Hezbollah today is the most heavily armed terrorist group in the world. In 2006, the cleric who leads it, Hassan Nasrallah, presented Lebanon with “the ‘gift’ of two Israeli soldiers kidnapped across an international frontier,” as professor Ajami wrote at the time. “Nasrallah never let the Lebanese government in on his venture,” which led to another war with Israel.

For the damage that conflict inflicted on Lebanon, Hezbollah paid no price. On the contrary, Hezbollah increasingly seized control of the state.

Not coincidentally, Lebanon today is failing—mired in debt, its currency debased, unable to provide its citizens with such basic services as reliable electricity and garbage removal.

The United States has been trying to help. For the past 15 years, the strategy of both Republican and Democratic administrations has been to fund, train and equip the Lebanese Armed Forces (LAF) so that “they could serve as an institutional counterweigh to Hezbollah,” as a senior State Department official testified a year ago this month.

The strategy failed. That’s the stark conclusion of a new report by David Kilcullen, an internationally respected military theorist, policy adviser (including to Gen. David Petraeus and Secretary of State Condoleezza Rice), author and diplomat, currently a professor at Arizona State University and CEO and President of Cordillera Applications Group, who serves on the Board of Advisers at the Center on Military and Political Power at the Foundation for Defense of Democracies.

Based on extensive analysis, he concludes that the $2.5 billion in security assistance the United States has provided the LAF since 2006 has clearly not achieved the State Department’s goals: “to strengthen Lebanon’s sovereignty, secure its borders, counter internal threats and disrupt terrorist facilitation.”

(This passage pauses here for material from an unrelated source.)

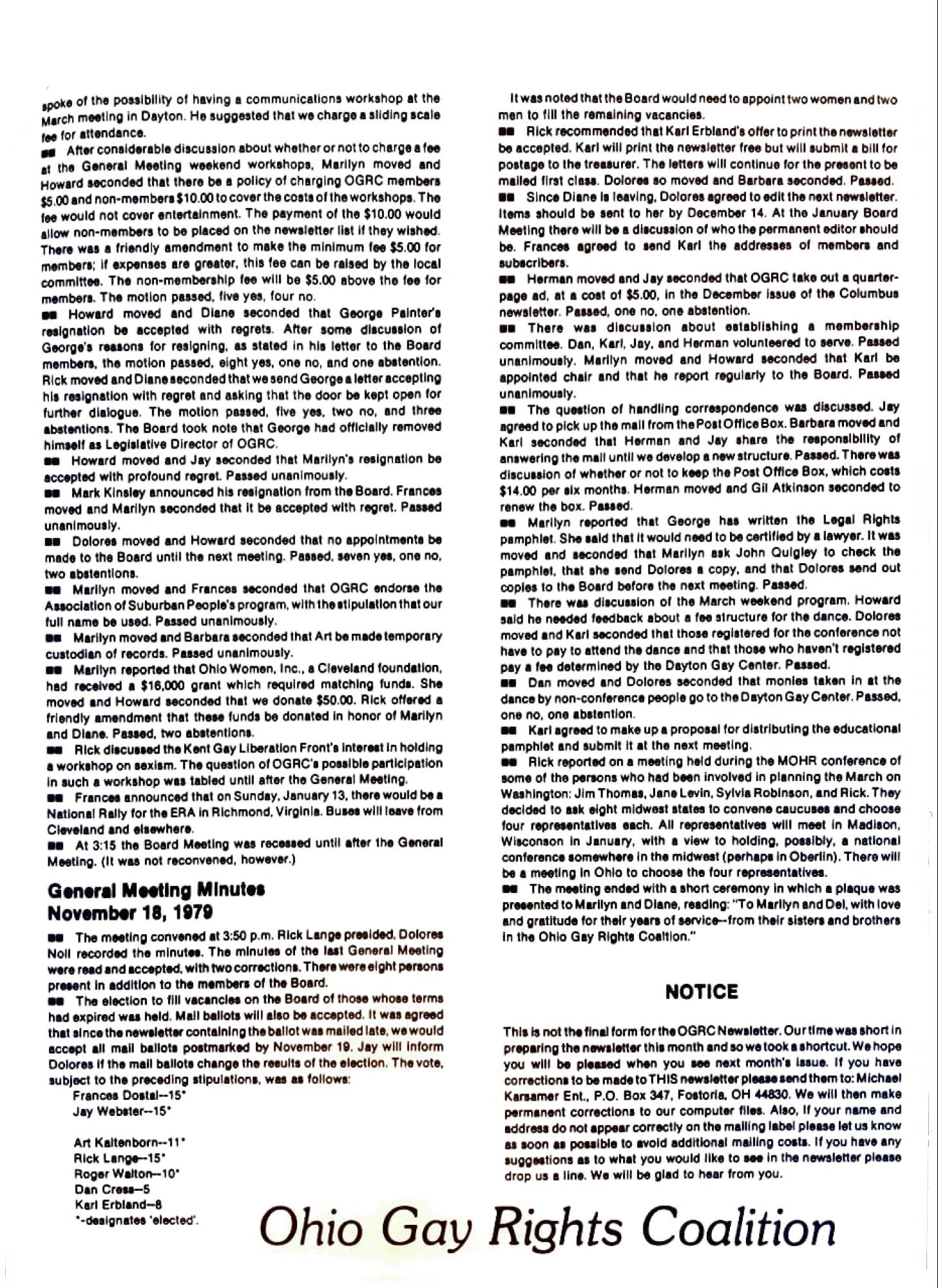 General Meeting Minutes November 18, 1979

Kilcullen explains: “The argument for strengthening the LAF rests in part on the assumption that the LAF is in competition with Hezbollah for prestige and influence. In fact, the two are conjoined at the highest levels because Hezbollah’s influence over Lebanon’s civilian authorities is so extensive.”

He adds: “The terror group has effective veto power over the choice of prime minister and the actions of the Lebanese Cabinet. Hezbollah’s coalition holds a majority in parliament, and its allies serve as president and speaker.”

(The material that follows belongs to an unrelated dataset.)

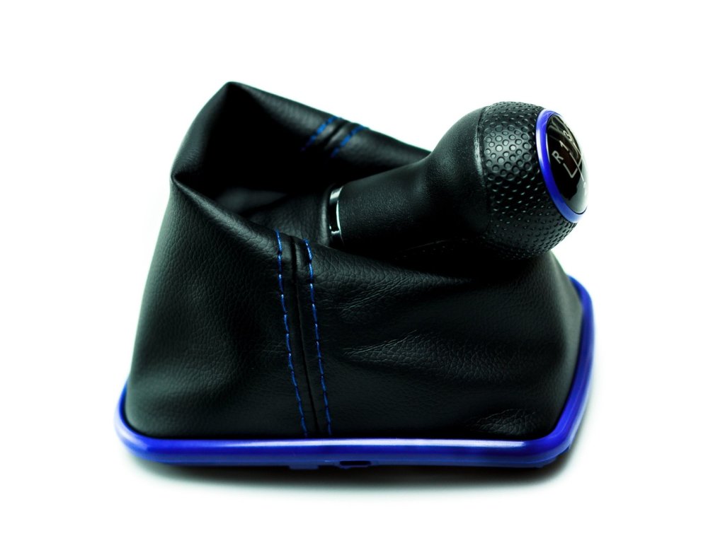 Řadící páka s manžetou VW Golf 4 1998 - 2005 6st. Hlavice je černo-modrá, manžeta je černá prošitá modrou nití. Průměr otvoru pro řadící tyč je 23mm. Pro motorizace 1.4i, 1.6i, 1.9SDI.

As if that were not enough, the LAF has “demonstrated a clear pattern of covering for Hezbollah infiltration, hampering U.N. efforts to monitor Lebanon’s southern border, and blocking” the U.N. Interim Force in Lebanon (UNIFIL) from even investigating Hezbollah activities that violate international law or endanger the Lebanese state.

Among those activities: the digging of tunnels from Lebanon into Israel for the purpose of infiltrating terrorists or other combatants, and the emplacement of more than 130,000 missiles, including as many as 500 with precision-guidance systems capable of overwhelming Israel’s Iron Dome anti-missile system.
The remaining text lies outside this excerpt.